Пайллу (Monographic du temple de Salomon, 370), составивший себе свой взгляд на внешний двор храма, считает невозможным, чтобы он имел такие значительные портики, превосходящие величием внутренний двор храма. «Особенно невозможно, по его мнению, представление во внешнем дворе южной галлереи. Из того уже, что Иосиф Флавий южную галерею считает более широкою, чем остальные, видно, что он смешивает галлереи двух различных дворов; на самом же деле южная галерея, στοὰ βασιλική, принадлежала внутреннему двору израильтян, тем более, что она имеет меру стадии, тогда как южная линия внешнего двора была гораздо длиннее». – Но в сочинениях Иосифа южная галерея слишком ясно ставится в связь с галереями внешнего, а не внутреннего двора, и мера одной стадии есть именно та мера, которую Иосиф дает наружной ограде внешнего двора. Что же касается того действительно ненормального обстоятельства, что внешний двор храма Ирода имел более изящные и величественные галлереи, чем внутренний, то оно вполне удовлетворительно объясняется историю создания этого храма: не допущенный книжниками во внутренний двор храма, Ирод излил все свое богатство и искусство на отделку внешнего двора, имея в виду то, что и его друзья – римляне также могли посещать только этот двор храма. Это доказательство из истории сооружения храма должно иметь особенное значение для Пайллу. Напрасно Пайллу продолжает стоять на том, что храм в реставрации Ирода ничем не отличался от храма Соломонова и его дворов. Особенно внешний двор теперь совершенно переменил свой вид. Не осталось и следа тех трёхэтажных жилых зданий, которые в первом храме стояли почти по всей линии дворов. Древнее выражение о дворе храма: три ряда камней и один ряд кедров получило совершенно другое толкование теперь, под греко-римским влиянием.

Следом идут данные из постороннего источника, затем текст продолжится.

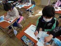 席に戻って、赤いお魚やスイミーの気持ちを書きました。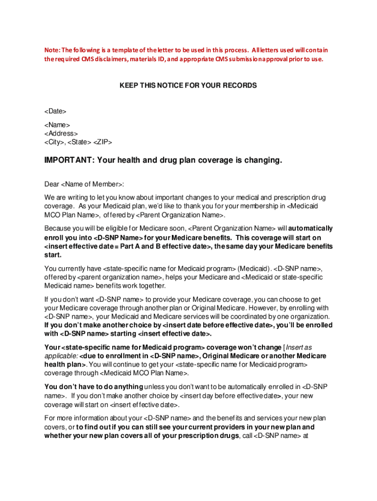 Note: The following is a template of the letter to be used in this process. All letters used will contain the required CMS disclaimers, materials ID, and appropriate CMS submission approval prior

Со всех четырех сторон внешней ограды галлереи пересекались воротами и соединенными с ними приворотными постройками. Вообще в реставрациях древних построек и городов ворота редко переменяют свои традиционные места. И в последней фазе иерусалимского храма мы застаем ворота на тех же местах, где они были поставлены Соломоном, за исключением только одной западной стороны, обращенной к городу, где, соответственно увеличившемуся числу жителей, потребовалось увеличить число ворот в ограде храма. Иосиф Флавий («Antiquitates Iudaicæ», XX, 5:3) называет вообще ворота внешнего двора тесными; но это выражение нужно понимать в относительном смысле тесноты, ощущавшейся при движениях больших масс войска и народа. Обыкновенному же своему назначению ворота храма, имевшие, по преданию (Jad Chazaka VIII, 5:5), 10 локтей широты и 20 высоты, с избытком удовлетворяли. Может быть Иосиф имеет в виду не столько узкость проходов ворот, сколько некоторую затруднительность связанных с воротами проходов, так как, вследствие окружавших площадь храма со всех сторон глубоких оврагов, с ворогами имели связь туннели, мосты, подъемы по лестницам и насыпям. Любопытно, что Иосиф, презрительно отозвавшись о воротах, что они были тесны, не считает их затем заслуживающими внимания и описания. В своем главном описании Иродова храма («Bellum Judaicum», V, 5) Иосиф ничего не говорит о внешних воротах святилища. В описании же Иродова храма («Antiquitates Iudaicæ», XV, 11) Иосиф дает определенное указание только о западных воротах, о южных говорит неопределенно, а о восточных и северных умалчивает142. То, что есть у Иосифа касательно внешних ворот храма, не вполне согласно с свидетельствами мишны. Впрочем разногласия их легко устраняются с одной стороны тем, что нам уже известно о порядке ворот первого храма, а с другой стороны сохранившимися доныне остатками почти всех ворот Иродова храма.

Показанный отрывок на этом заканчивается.